I have a vocabulary of about 50,000 terms and a corpus of about 20,000 documents in a Pandas DataFrame like this:
import pandas as pd
vocab = {"movie", "good", "very"}
corpus = pd.DataFrame({
    "ID": [100, 200, 300],
    "Text": ["It's a good movie", "Wow it's very good", "Bad movie"]
})
The following code produces a SciPy CSR matrix in about 5 seconds only:
from sklearn.feature_extraction.text import TfidfVectorizer
vec = TfidfVectorizer(use_idf = False, ngram_range = (1, 2),
                      vocabulary = vocab)
vec.transform(corpus["Text"])
However, converting the CSR matrix to a Pandas SparseDataFrame is so slow that I've to abort it:
dtm = pd.SparseDataFrame(vec.transform(corpus["Text"]))
dtm["ID"] = corpus["ID"]
Attempted Solutions
I tried appending .tocoo() to vec.transform(corpus["Text"]) but it makes no difference in speed. Appending .toarray() is no good either since it returns
ValueError: array is too big;
arr.size * arr.dtype.itemsizeis larger than the maximum possible size
I also tried SparseSeries as suggested at stackoverflow.com/q/17818783 but it resulted in a MemoryError:
tfidf = vec.transform(corpus["Text"])
dtm = pd.SparseDataFrame( [pd.SparseSeries(tfidf[k].toarray().ravel())
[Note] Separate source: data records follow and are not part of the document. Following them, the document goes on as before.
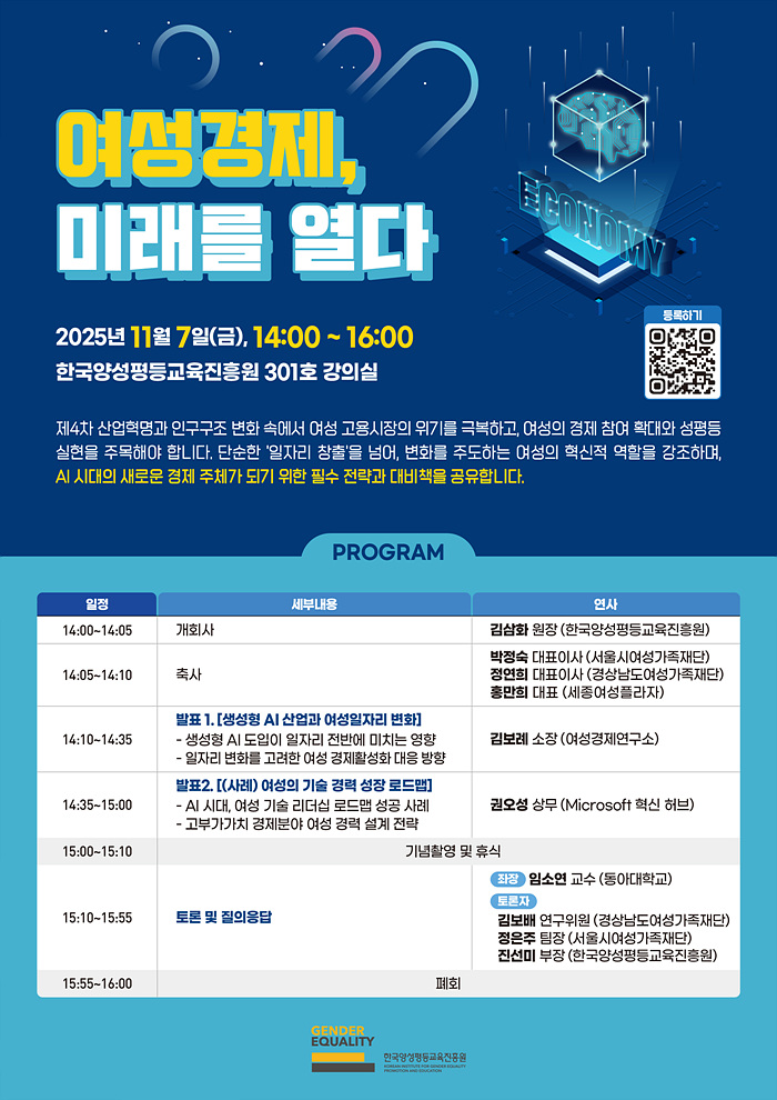 [한국양성평등교육진흥원] "여성경제, 미래를 열다" 세미나
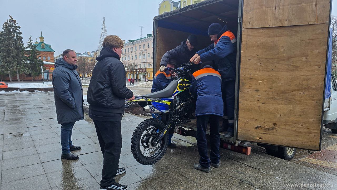 18 декабря на Театральной площади у центрального входа Пензенского драматического театра состоялась отправка гуманитарной помощи для участников специальной военной операции. Сотрудники регионального Министерства культуры и туризма и подведомственных ему учреждений, включая областной драмтеатр, объединили усилия по сбору средств, чтобы отправить военнослужащим технику особой важности — мотоциклы.
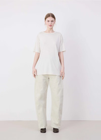 This unisex style is a staple in the LEMAIRE wardrobe. Reimagined this season in a heavy silk jersey with a soft and warm touch, this boxy T-shirt has round armholes for comfort and a single stitch detail along the hem and cuff. The round neck features a twin needle stitching detail. DETAILS - Boxy fit - Round neck - Short sleeves Made in Portugal Style: TO1295 LJ1026 FABRICS & CARE Main Material: 100% Silk Soft wash 30° Do not bleach Do not tumble dry Cool ironing Do not dry clean Dry flat
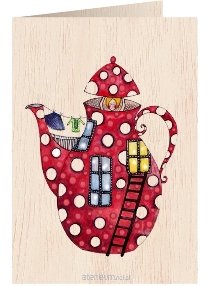 Karnet drewniany C6 + koperta Kobieta z żabą
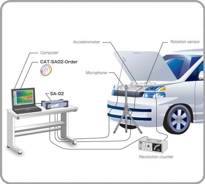 將旋轉同步信號和加速度傳感器連接到多通道分析處理器SA-02,并在改變旋速的同時進行測量。 加速度傳感器根據測量點的數量可增加或減少。 也可以使用麥克風代替加速度傳感器。
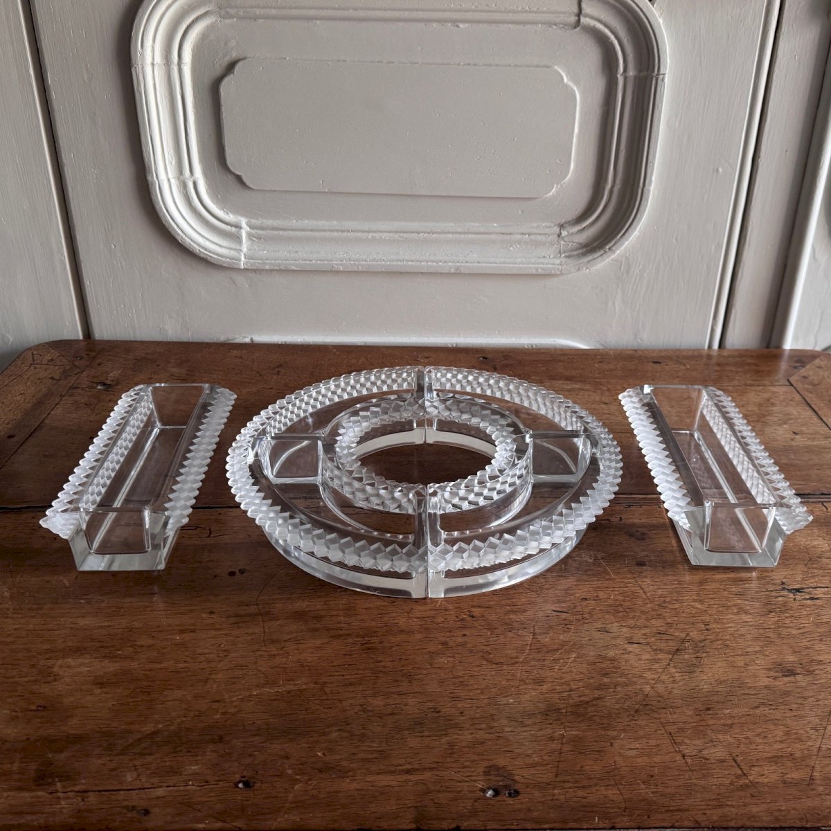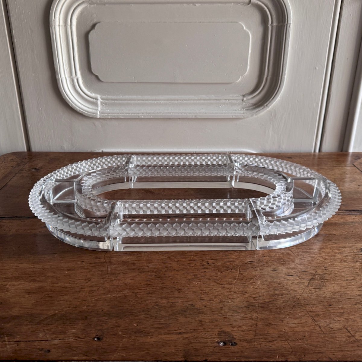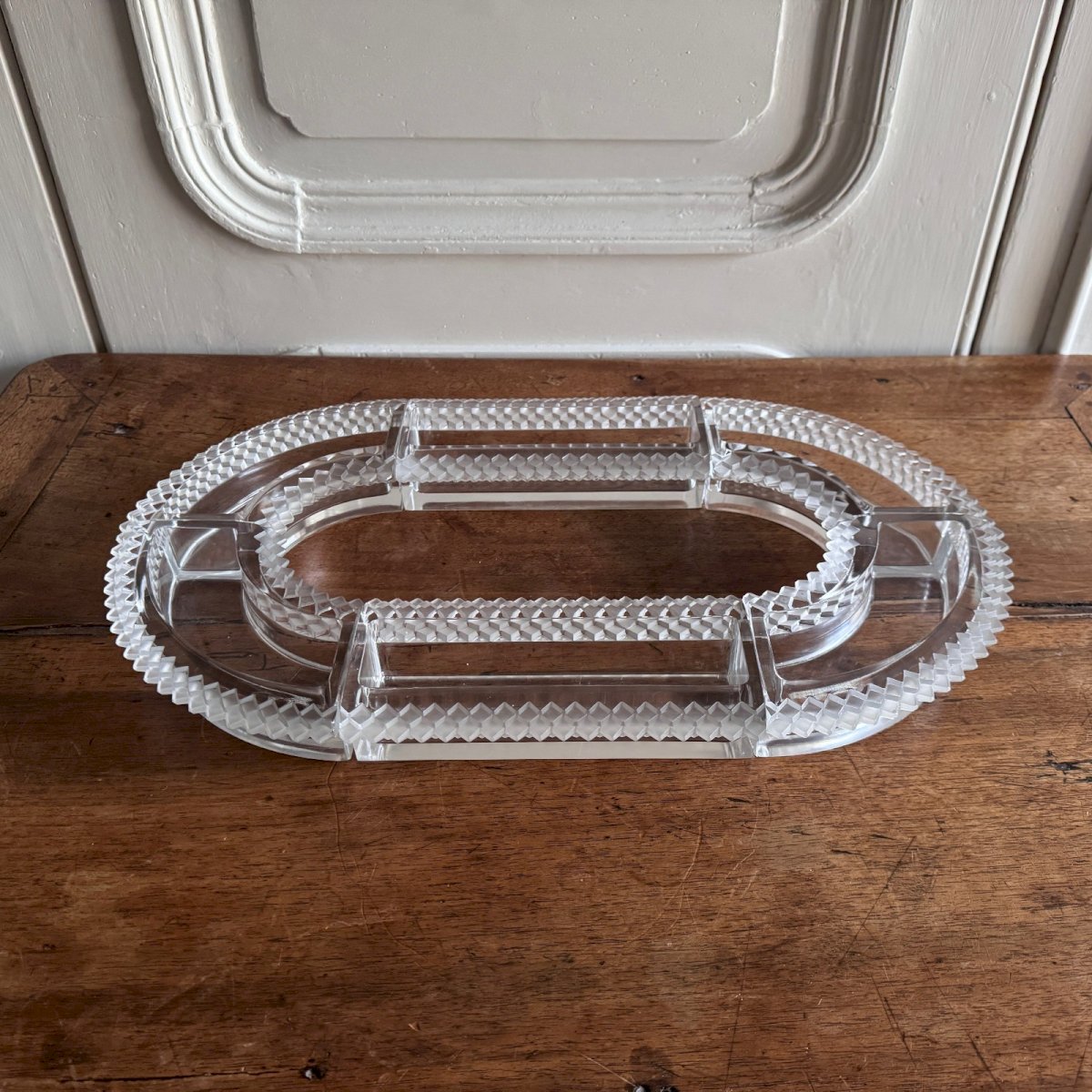 Centre de table par Lalique France modèle Valenciennes  M3764 Ce centre de table modèle Valenciennes réalisé par la maison Lalique France est de belle facture. Nous signalons deux minimes égrenures sur le pourtour, des rayures dues à l'usage. Nos photos vous permettent d'apprécier la qualité de l'objet. Pour l'état, merci de bien détailler les photos. N'hésitez pas à zoomer . Les photos font partie intégrante de la description. Dimensions : Hauteur : 5 cm - Ovale  Largeur : 49 cm Profondeur : 31 cm - Cercle Diamètre : 30 cm A :  74PJLVL64D P :  1651411   Je reste à votre disposition pour toute question. Marque:Lalique Type:Objet de vitrine, Décoratif Pays d'origine:France Sous-type:Centre de table Hauteur:5 cm Matière:Verre Longueur:cm Largeur:49 cm
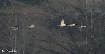 Sul catalogo del Dottor Erasmo Buzzi leggiamo: 11.Pescajola Mergus albellus: Da noi comunissima d’inverno. 12.Smergo minore Mergus serrator comunissimo d’inverno. 13.Smergo maggiore Mergus merganser più raro delle specie precedenti. Pur non essendo un lavoro scientifico, come da lui affermato, certamente sono dati che qualche elemento di verità hanno. Oggi le cose sono ben diverse: In Lombardia e precisamente Sul lago di Como lo Smergo maggiore ha la sua prima accertata nidificazione nel 2005 (vedi articolo all’indirizzo http://www.cisniar.it/picus_n°_62.htm) nel 2006 in alto lago, precisamente presso Piona (Lc) di Smergo mag. ne sono stati individuati 16, (vedi http://crosvarenna.blogspot.com/ – Annuario 2006). Nel 2007 sul Lago di Como sono state segnalate 3 nidificazioni di Smergo maggiore in particolare: a Varenna (LC) 10 anatroccoli, a Oliveto Lario (LC) 8 e 7 anatroccoli osservati presso Lezzeno (Lc) di cui però non si sa l’esatta località di nidificazione. Vedremo come si evolverà la presenza di questi uccelli sul nostro lago, oggi godiamoci l’osservazione di questa splendida anatra.
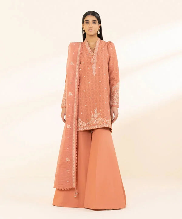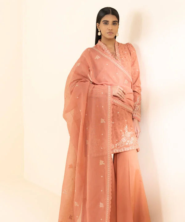 Elevate your festive style with our three-piece embroidered terracotta ensemble featuring a cotton jacquard shirt paired with a blended textured karandi dupatta and cotton trousers.
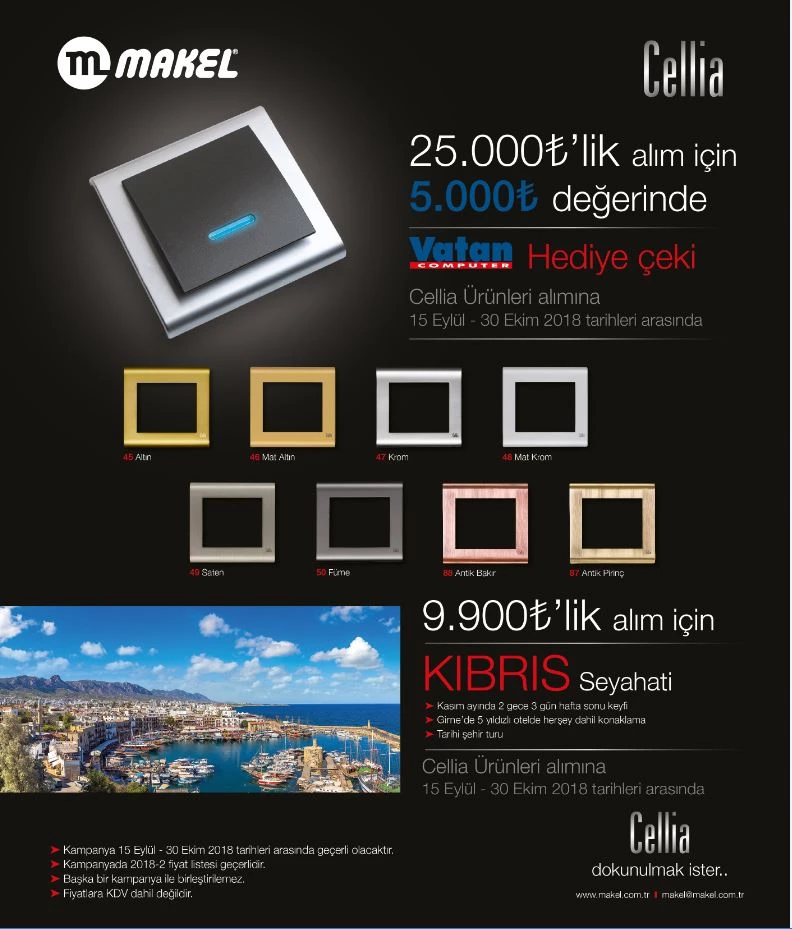 Gerçekleştirdiği kampanyalar ile her dönem dikkat çeken Makel Şirketler Grubu, 2018 yılının son aylarında da boş durmadı. Makel ürünleri içerisinde önemli bir yere sahip Cellia ürünlerine yönelik düzenlenen kampanya yoğun ilgi görmeye devam ediyor. 15 Eylül – 30 Ekim tarihleri arasında Cellia ürünlerinden 25.000 TL’lik satın alım yapan herkese 5.000 TL’lik Vatan Bilgisayar Hediye Çeki, 9.900 TL’lik satın alımlara ise Kıbrıs Seyahati alma hakkı kazanıyor.

                           for k in range(tfidf.shape[0])] )
The MemoryError cannot be resolved by changing the list comprehension to a generator expression, because the latter returns UnboundLocalError: local variable 'mgr' referenced before assignment
I need a SparseDataFrame because I want to join / merge the ID column with another DataFrame. Is there a faster way?